Monday, February 13, 2012

A place for anger and bitterness

            Anger is not looked at too positively in our society. Bitterness is considered even worse. Activists, particularly indigenous rights activists or feminists, are sometimes called angry or bitter - and when they are, it's not a compliment.
            I agree that some activists are angry or bitter. But I don't see this necessarily as a bad thing. In fact, often it's that anger and bitterness that fuels their activism. It's that anger and bitterness that gives them the motivation to change things for the better.
            Anger and bitterness don't usually spring up from nowhere. They are cultivated when conditions are unjust or unfair - or at least perceived that way. I think there's a cry behind every angry or bitter person that says, 'this isn't the way the world was meant to be.'
            Now admittedly some people hold onto anger and bitterness when there really is no need for it. Their ideas of what's fair are heavily slanted to what they want. Often people see any bad treatment towards themselves as unfair, but fail to see how what they want would be unfair for someone else.
            But often it is warranted. Sometimes life really is unfair. It was unfair that people were captured and made slaves. It was unfair that people were treated as second-class citizens simply because of the colour of their skin. It was unfair that Europeans thought they could take the Australian Aboriginal peoples' land just because they wanted it and it wasn't being cultivated according to European ideas. It was unfair that women could not own their own property, go to university or vote.
            I could go on. Our history is filled with situations where people were treated unfairly.
            And where there are real situations of injustice, I believe anger is not only an acceptable response, but a desirable one.
            What's the alternative? We shrug our shoulders, say 'well life isn't fair' and continue on as we always have.
            Many of the situations listed above have been changed (even if they still might have some way to go before real justice is happening). And they weren't changed by apathetic people. They were changed by angry, maybe even bitter, people. And I say thank God for their anger and bitterness.
            While the situations above may have been changed, there are still many unjust conditions in the world. It is not fair that some of us get to live in luxury while people in other countries starve. It is not fair that people in western countries are conditioned to desire many "things", which neither they nor the earth can afford. It is not fair that we treat economic growth as more important than a healthy planet for future generations. It is not fair that our natural resources, the diversity of our plant and animal life and places of natural beauty are disappearing, so that those who come after us will not have the same opportunity to enjoy them as we do. It is not fair that our whole society seems to be centred on what we spend or buy, leaving those with little money feeling worthless. And it is not fair that, at the same time, the take-home pay of many people is getting less and less as companies seek to increase profit.
            Maybe I'm just bitter because I don't earn a lot. Maybe I'm just angry because this society fails to place the same value on nature as I do. Maybe I'm too busy dreaming of a better world that doesn't exist and I should just realise that this is the way life is and I better put up with it.

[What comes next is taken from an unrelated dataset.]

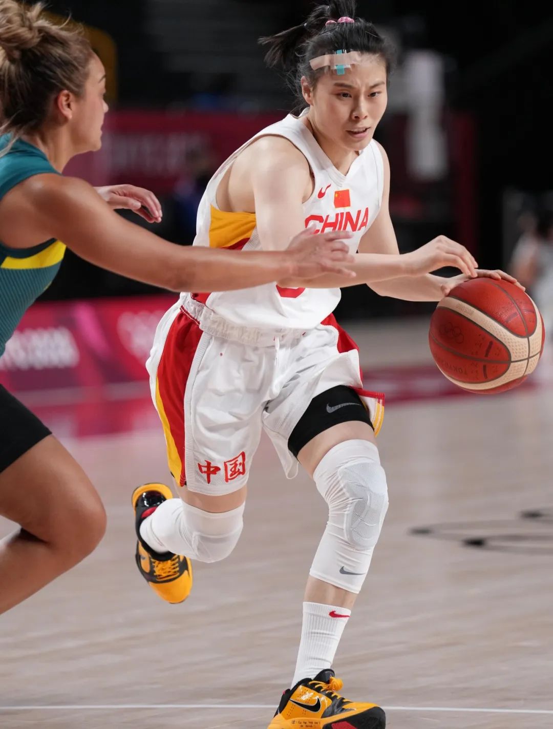 ↑王思雨(右)在比赛中突破
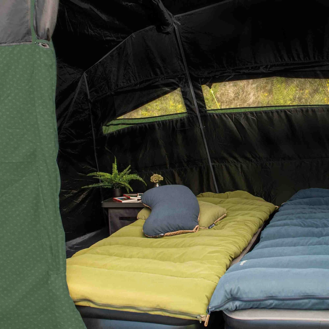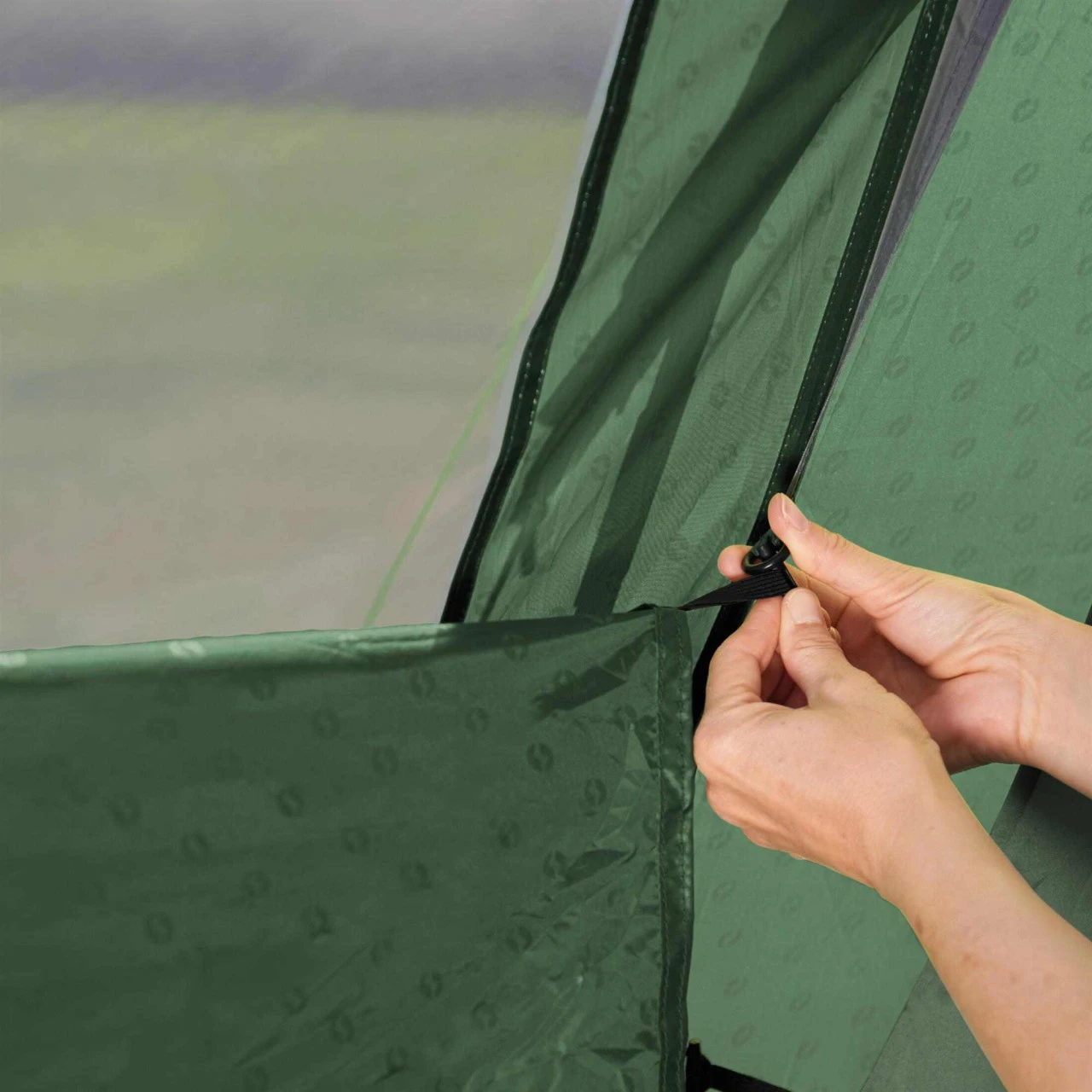 Das Outwell Ashwood 3 Familienzelt wurde speziell für Paare entwickelt, die gern Kurzurlaube mit dem Zelt unternehmen. Mit dem ummantelten Duratec-Fiberglasgestänge, der vollen Stehhöhe, der optimalen, vielseitigen Belüftung sowie den 2 patentierten Quick & Quiet Magnettüren steht einem komfortablen Campingerlebnis nichts mehr im Weg. Hinter der Vorderwand mit Seitenfenster und großem Vordach gelangst du durch die neue, patentierte Quick & Quiet Mesh Tür mit Magnetverschluss in dein Zelt. Wenn du die Magnetfunktion nicht nutzen möchtest, kannst du die Front mit einem doppelten Reißverschluss komplett öffnen. Das eingearbeitete Moskitonetz ermöglicht eine Belüftung, ohne dass Insekten ins Zelt gelangen. Die abgedunkelte Premium Schlafkabine ist ebenfalls mit einer Quick & Quiet Tür versehen, so dass du die Kabine geräuschlos öffnen und verlassen kannst. Für eine optimale Belüftung der Schlafkabine des Ashwood 3 von Outwell sorgt das „Rear Ventilation System“. Eine spezielle, variable Belüftung an der Zeltrückseite. Die Netztaschen im Innenzelt dienen zur Aufbewahrung kleinerer Gegenstände, die du schnell zur Hand haben willst. Die großen getönten Fenster reduzieren das Blenden bei starker Sonneneinstrahlung. Um dir mehr Privatsphäre zu gewährleisten, kannst du die Fenster mit Vorhängen auch komplett schließen.

            I am angry. Truth be told, I'm even a little bitter. But I believe that anger and bitterness is telling me something. It's telling me that this may be the way the world is, but it's not the way it was meant to be.
            I am a woman. I vote, go to university and own my own house (even if it is mortgaged). We take all those things for granted now. But once upon a time, they were only a dream. Some people saw the way the world was and said that's not the way the world is meant to be. Maybe they were angry. Maybe they were bitter. But if it wasn't for their anger and bitterness, would they have even imagined a different world than the one they lived in? Or even if they did, would they have tried so hard to change things?
            Of course, just because someone is angry doesn't give them the excuse to act out their anger in a negative way. When we think angry, we often think violence (whether physical or verbal). And it is very easy, when we are angry or bitter, to act inappropriately. But anger can also be expressed in peaceful and loving ways. No matter how angry we are with people, we should still show them love and compassion.
            Some people have trouble accepting an angry God. They prefer the loving God to the angry one. But to me, a loving God has to be angry. How could a loving God see what we are doing and just not care? When faced with injustice, what other response is there but anger? A loving God cannot be apathetic or indifferent. And what exactly would a caring response look like if it didn't involve anger of some sort?
            Bitter, no. That's a human failing. But maybe we can use our bitterness to identify situations of injustice in our own world. And maybe we should learn to listen to other people's bitterness, instead of seeing it as something they just need to get rid of. And when we're angry, or other people are angry, maybe we should at least ask ourselves whether God might be angry too. Maybe the different world we imagine is not quite so impossible after all. Maybe the reason we think this isn't the way it should be is because it's not the way God wants it to be. He is just waiting for someone to get angry enough to do something about it.